[Sophie’s POV]
I tell myself it’s just work. That’s the lie I repeat as I sit at my desk, manuscript open, coffee gone cold beside my keyboard, my focus slipping in dangerous, familiar directions. The words on the page are clean and clinical, all theory and intention, but my body reacts like it recognizes the subtext before my brain can stop it.
Unconventional relationships. Negotiated desire. Shared power.
I scroll, and the language tightens around my chest.
The author writes about communication like it’s a ritual. About rules as something intimate instead of restrictive. About how wanting more than one person doesn’t fracture you unless you pretend it doesn’t cost anything. I underline sentences I’m supposed to evaluate objectively, but my hand pauses every time a phrase lands too close to something I’ve lived.
I lean back in my chair and stare at the ceiling, letting out a slow breath.
“This is not about you,” I mutter under my breath, even though no one can hear me.
But my imagination doesn’t care about professionalism.
The book keeps pushing at memories I didn’t realize were waiting so close to the surface.
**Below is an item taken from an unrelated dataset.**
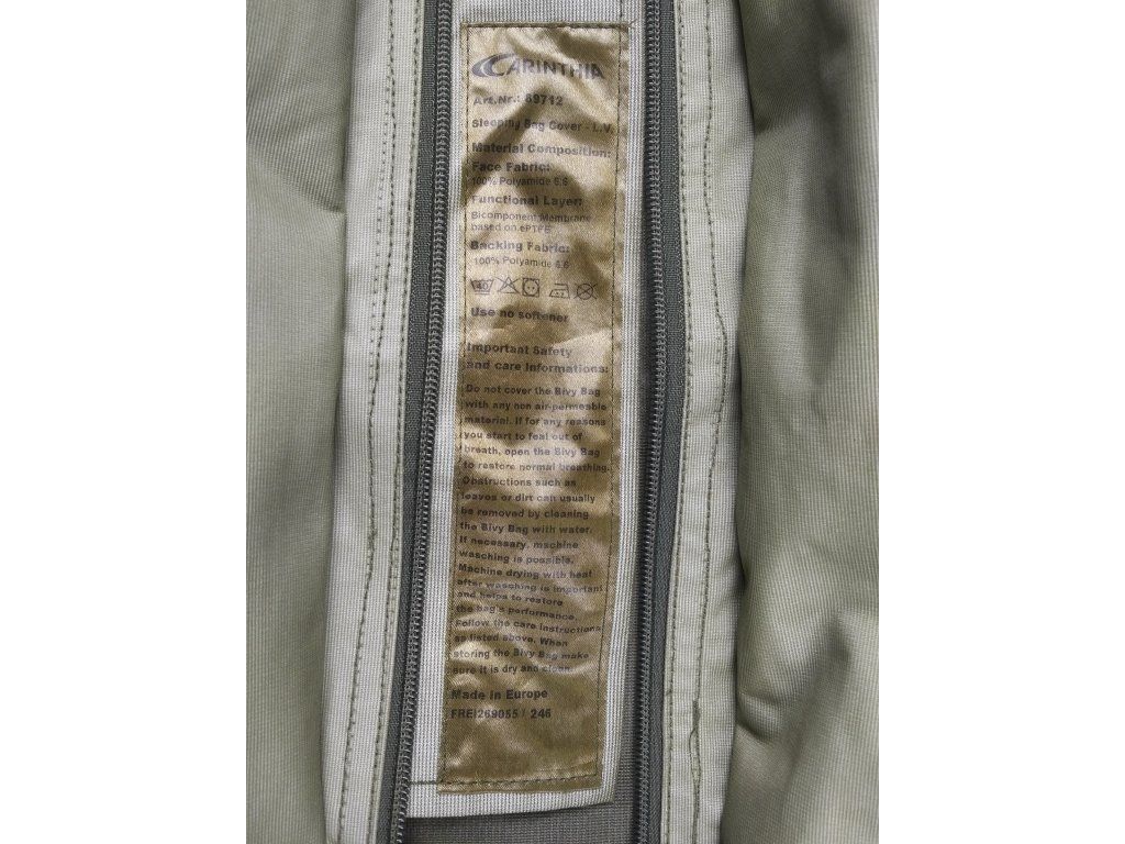 - Nepromokavý a prodyšný obal na spací pytel renomované rakouské značky Carinthia®, pocházející z výstroje pozemních sil německé armády Bundeswehr.

Adrian’s voice, low and certain, filling the space around me like he expects it to bend. Cassian’s quieter presence, the way he watches before he speaks, like he’s measuring not just what I say but what I don’t.
I highlight a passage about jealousy being information instead of failure, and suddenly I’m back in my living room, arms crossed, watching them argue over schedules like it mattered more than it should have. Adrian pacing. Cassian calm but sharp. Me exhausted, trying not to disappear between them.
“You don’t get to fight through her,” Cassian had said that night, voice controlled but firm.
“And you don’t get to pretend this doesn’t matter,” Adrian had shot back, eyes dark with something close to fear.
My fingers hover over the keyboard as my pulse speeds up.
I shake my head and force myself back into the text, typing notes about pacing and emotional clarity. But every example the author gives feels like it’s pulling something out of me instead of asking me to critique it.
I remember the way Adrian showed up at my office without warning, unapologetic, public. The way Cassian later asked me, carefully, if it made me feel seen or trapped.
“It can be both,” I had told him, and the honesty of that still startles me.
I close my eyes for a second, then reopen them and keep working, because if I stop, I’ll spiral. The problem is that the book doesn’t let me stay detached. It invites reflection like it’s a requirement.
There’s a scene where the characters sit at a table, fully clothed, fully sober, negotiating needs like it’s foreplay. I swallow hard and glance around my office, suddenly aware of how quiet it is, how the late afternoon light slants across the floor.
My phone buzzes, and my heart jumps like it knows before I do.
It’s just a group chat from work. Nothing personal. Nothing dangerous.
I exhale, annoyed at myself, and keep reading.
By the time I reach the end of a chapter, my thoughts are loud and messy. I feel stretched thin, like every memory has been pulled to the surface and left there, humming. I type my last note, attach the file, and send it off before I can second-guess myself.
When I shut my laptop, the silence feels too big.
I pack up faster than usual, slipping my bag over my shoulder, eager to get home where I can breathe without pretending. My body feels restless, wired, like it’s waiting for something it doesn’t want to name.
As I head for the elevator, my phone rings.
Cassian’s name lights up the screen.
I hesitate, then answer. “Hey.”
“You sound distracted,” he says, voice even, observant.
“I finished the manuscript,” I reply, pressing the button for the ground floor. “It messed with my head more than I expected.”